# Email Address for Adria UK



## Bacchus (Mar 27, 2008)

Does anyone have the email address for Adria UK. I have the postal address but I recall seeing the email address for the boss - I Slovenian lady, I believe. I want to register a complaint against one of their dealers. Perhaps someone can advise


----------



## GetDuffed (Nov 28, 2006)

*Adria Email*

Hi Bacchus, they dont seem to want to correspond with their customers, good or bad points, have you tried sending them a fax, the numbers on the back of the service hand book not sure if you can do it through Internet Explorer or one of the windows programmes. best of luck


----------



## Bacchus (Mar 27, 2008)

One of the problems is that I don't have a handbook - but I do have a postal address


----------



## GetDuffed (Nov 28, 2006)

*Adria Email*

Adria Concessionaires Ltd - Fax 0870 7740006 or 07 for phone - hope it helps


----------



## Rapide561 (Oct 1, 2005)

*Adria*

Hi

Does the Slovenian lady you mention actually work from the UK though, or from Slovenia?

Russell


----------



## rowley (May 14, 2005)

Maybe you could have a word with these people at Club Adria.

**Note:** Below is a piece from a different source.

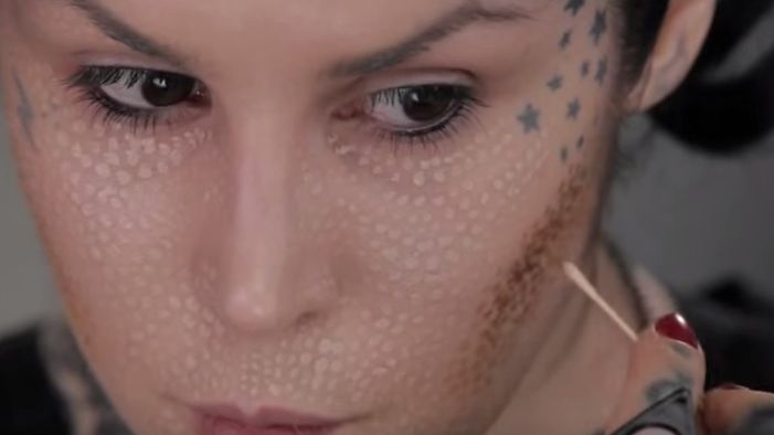 Kat von D rozpoczęła tworzenie oryginalnego makijażu od aplikowania kropek z podkładu. Dzięki palecie różnych odcieni kosmetyku udało jej się osiągnąć nawet efekt konturowania na poszczególnych partiach twarzy.

They are very helpful and sometimes post on this site.

www.clubadria.co.uk


----------



## b6x (Feb 26, 2007)

You could try these....

[email protected]

...however everytime I've asked them a question, I get a standard response saying "please speak to one of our dealers". *Very* bad customer service in my opinion.

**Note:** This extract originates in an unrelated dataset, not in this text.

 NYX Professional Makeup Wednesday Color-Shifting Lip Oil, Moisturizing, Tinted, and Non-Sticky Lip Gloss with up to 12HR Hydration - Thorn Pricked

also, stick in a report on the "Company Reports" section of this site if you have a useful review of your dealer.


----------



## 106464 (Aug 14, 2007)

Hi Bacchus

I would send a letter if i were you,yes the managing director is slovenian but she speaks good English and will take your coments seriously.But remember that they will not get involved with a dispute thats up to you and the dealer.It maybe useful to contact trading standards if you are unhappy with the service from your dealer. If they are not meeting your expectations.Sorry its proberly not what you want to here,i hope that you get your problems sorted out without any cost and that it doesn't take any longer in waiting.

Good luck


----------



## Bacchus (Mar 27, 2008)

Thank you for your advice. This is a civil law matter rather than a criminal issue and is therefore not one that would be dealt with by Trading Standards. Before I take the dealer to the County Court I need to demostrate that I have made an attempt at arbitration and I was hoping that Adria would be able to do this. 

Anyway I have given the dealer a few more days to respond to my offer of alternative dispute resolution. If Adria are not going to be helpful then any formal action will further dent what appears already to be a rather poor reputation as I will give the issue maximum publicity

I deeply regret having ever considered buying an Adria


----------